[Source records]

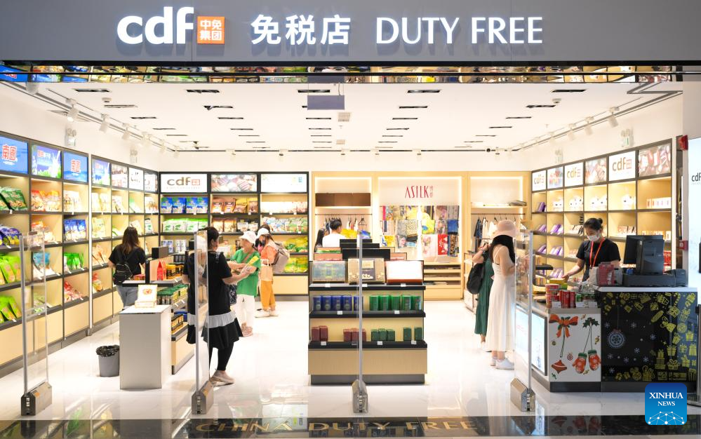 HAIKOU, 1 junio, 2025 (Xinhua) -- Imagen del 26 de julio de 2023 de personas seleccionando productos libres de impuesto en el Aeropuerto Internacional Phoenix, en Sanya, en la provincia de Hainan, en el sur de China. En junio de 2020, China lanzó un plan maestro para desarrollar Hainan en un puerto de libre comercio de alto nivel y globalmente influyente para la mitad de este siglo. En los años recientes, la provincia insular ha buscado convertirse en un centro internacional de turismo y consumo con un auge de compras libres de impuestos. (Xinhua/Yang Guanyu)
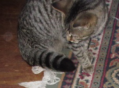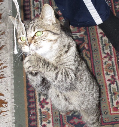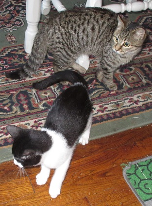 Have you ever wanted a well-mannered, leopard striped, looks like an expensive breed cat? We have a beauty, Ginger, that we are fostering until mid October. She's spade, micro-chipped, and kid-friendly. Did I mention beautiful? Check out that raccoon tail and those black tipped ears! She found her way onto our laps within an hour in our home and has a great personality. At six months old, she's beyond the clawing-everything-in-reach stage, but still very playful and good with other animals since she warmed up to Zing after a few minutes.Zing, at three months, is extra cute and ready for fun. Also kid-friendly, spade, micro-chipped and a snoozer, (when she's not zinging around the room - hard to get a non-blurred photo) she warmed up to Ginger immediately, so if you have other pets at home, she'd likely fit in well. Her fur is super soft making her super cuddly. After just a few moments of petting, she fell asleep on my son's legs. She's ready for some love and also ready for adopting by mid October.Both are available through animal rescue league on Hamilton Ave usually for about a $45 adoption fee. Contact us for details.
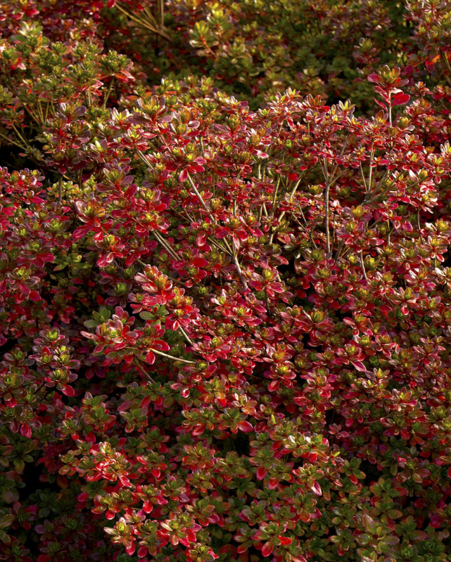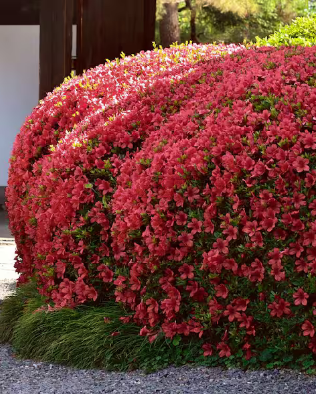 Striking crimson blooms cover this attractive dense compact shrub in mid spring; foliage is tiny giving a fine texture; ideal when massed in borders, foundation plantings, or low screening; absolutely must have well-drained, highly acidic and organic soil.
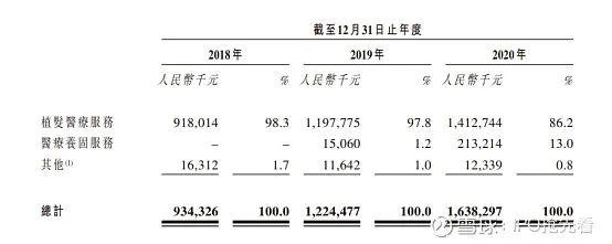 雍禾的收入主要来自提供植发医疗服务
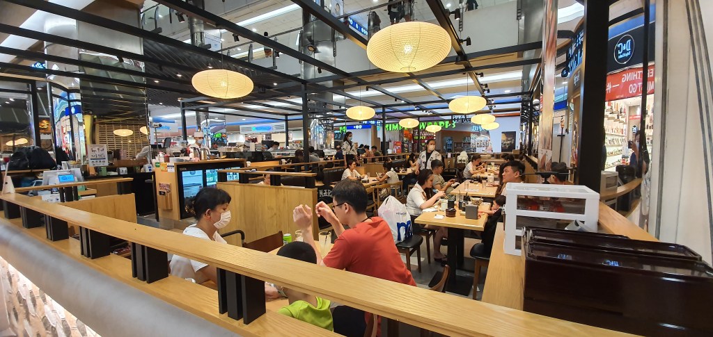 Located within the atrium of Harbourfront shopping mall, it is the only restaurant with proper seating for dine in while the surrounding food outlets are all smaller kiosks or outlets for takeaways only. In the absence of a roof, they have included metal bars sitting across the restaurant horizontally for their ambience lights to give the restaurant a more cozy lighting scheme as compared to the harsh mall lights. The restaurant can sit close to 50 persons in non safe distancing times.
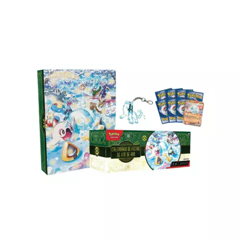 Pela primeira vez, o Calendário de Festas de Fim de Ano vem para o Brasil! Celebre 25 dias de surpresas, de pacotes de booster a moedas de Pokémon, todos os dias há uma surpresa Pokémon diferente para abrir.A ideia desse produto é criar um clima festivo de fim de ano, de forma antecipada. Esse item é um belo presente para qualquer Treinador Pokémon ou Colecionador Pokémon, contendo cartas com estampas exclusivas e itens exclusivos desse evento. Por se tratar de um calendário, ele tem vários números e cada dia, você destaca uma área do calendário e ganha a recompensa presente naquele espaço. Todo dia, fica sendo dia de presente!
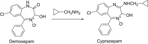 For example, heating demoxepam with N-cyclopropylmethylamine leads to amidine formation, the minor tranquilizer cyprazepam.
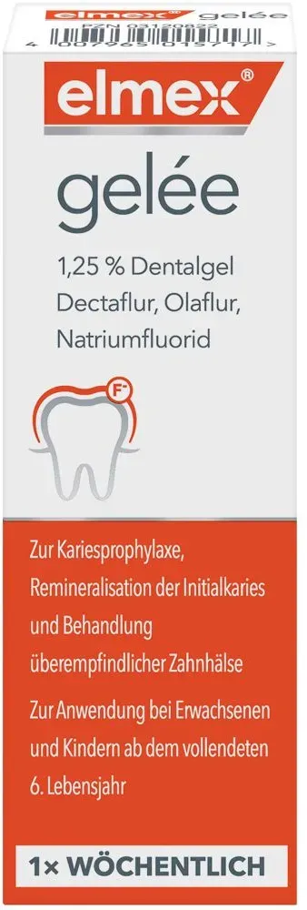 519,60 /kg - Kategorie: Zahnpflegeartikel - Elmex - GTIN:4007965015717 - PZN:03120822 - Anwendungsgebiet von Elmex Geleeelmex gel e Zahnpasta zum Schutz vor Karies und Zahnschmerz. Mit Elmex Gelee machen Sie Ihren Kariesschutz noch effektiver. Nur 1 x wöchentlich Elmex Gelee anwenden und Sie leisten schon einen aktiven Beitrag zum Schutz und der Remineralisierung des Zahnschmelzes. Wenden Sie Elmex Gelee an zur: Kariesprophylaxe Remineralisierung der Initialkaries Behandlung überempfindlicher Zahnhälse Beginnende Karies ist umkehrbar - mit elmex gel e. Die wöchentliche Intensivkur mit hochkonzentriertem Aminfluorid. Gesunde, starke Zähne für die ganze Familie Macht beginnende Karies durch Remineralisierung rückgängig Stärkt den Zahnschmelz und reduziert das Kariesrisiko Behandelt überempfindliche Zahnhälse Bereits ab dem vollendeten 6. Lebensjahr anwendbar Eignet sich als wöchentliche Intensivkur für die ganze Familie Was ist Initialkaries? Verliert der Zahn Mineralien, entsteht unter der Oberfläche eine sogenannte Initialkaries. Dies ist eine frühe Form der Karies, bei der die Mineralienverluste auf den Zahnschmelz begrenzt sind und die Oberfläche noch intakt ist. Initialkaries tritt bei Kindern und Jugendlichen üblicherweise am Zahnfleischrand und an den Kauflächen sowie im Erwachsenenalter in den Zahnzwischenräumen auf. An den Glattflächen der Zähne zeigt sich eine Initialkaries meist als ein kreidig weißer Fleck. Beginnende Karies ist umkehrbar mit elmex gel e elmex ... ![]() ![]() ELMEX GELEE 25 g
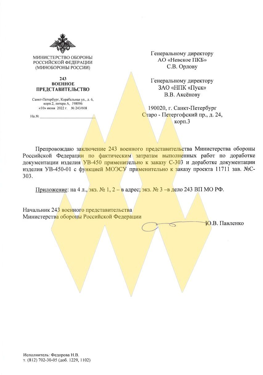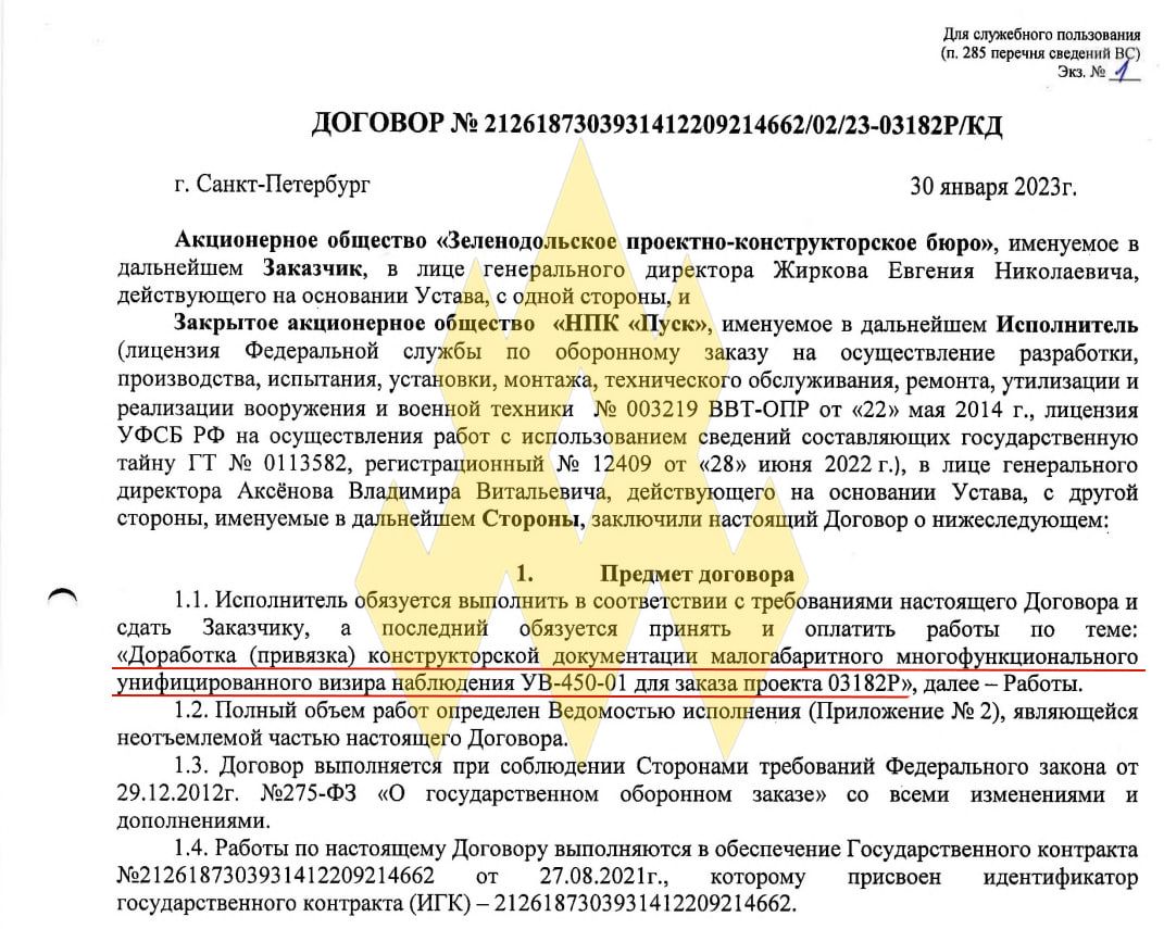 Материалы касаются комплектующих российских кораблей. В частности, они содержат технические характеристики обновленного корабельного прицельного прибора "УВ-450-01".

*TASK INSTRUCTIONS*: All lines above from the one containing "Striking crimson blooms" up to and including the one containing "Located within the" are to be set down exactly, and nothing else. Leave images out.

*EXERCISE ANSWER*:
 Striking crimson blooms cover this attractive dense compact shrub in mid spring; foliage is tiny giving a fine texture; ideal when massed in borders, foundation plantings, or low screening; absolutely must have well-drained, highly acidic and organic soil.
 雍禾的收入主要来自提供植发医疗服务
 Located within the atrium of Harbourfront shopping mall, it is the only restaurant with proper seating for dine in while the surrounding food outlets are all smaller kiosks or outlets for takeaways only. In the absence of a roof, they have included metal bars sitting across the restaurant horizontally for their ambience lights to give the restaurant a more cozy lighting scheme as compared to the harsh mall lights. The restaurant can sit close to 50 persons in non safe distancing times.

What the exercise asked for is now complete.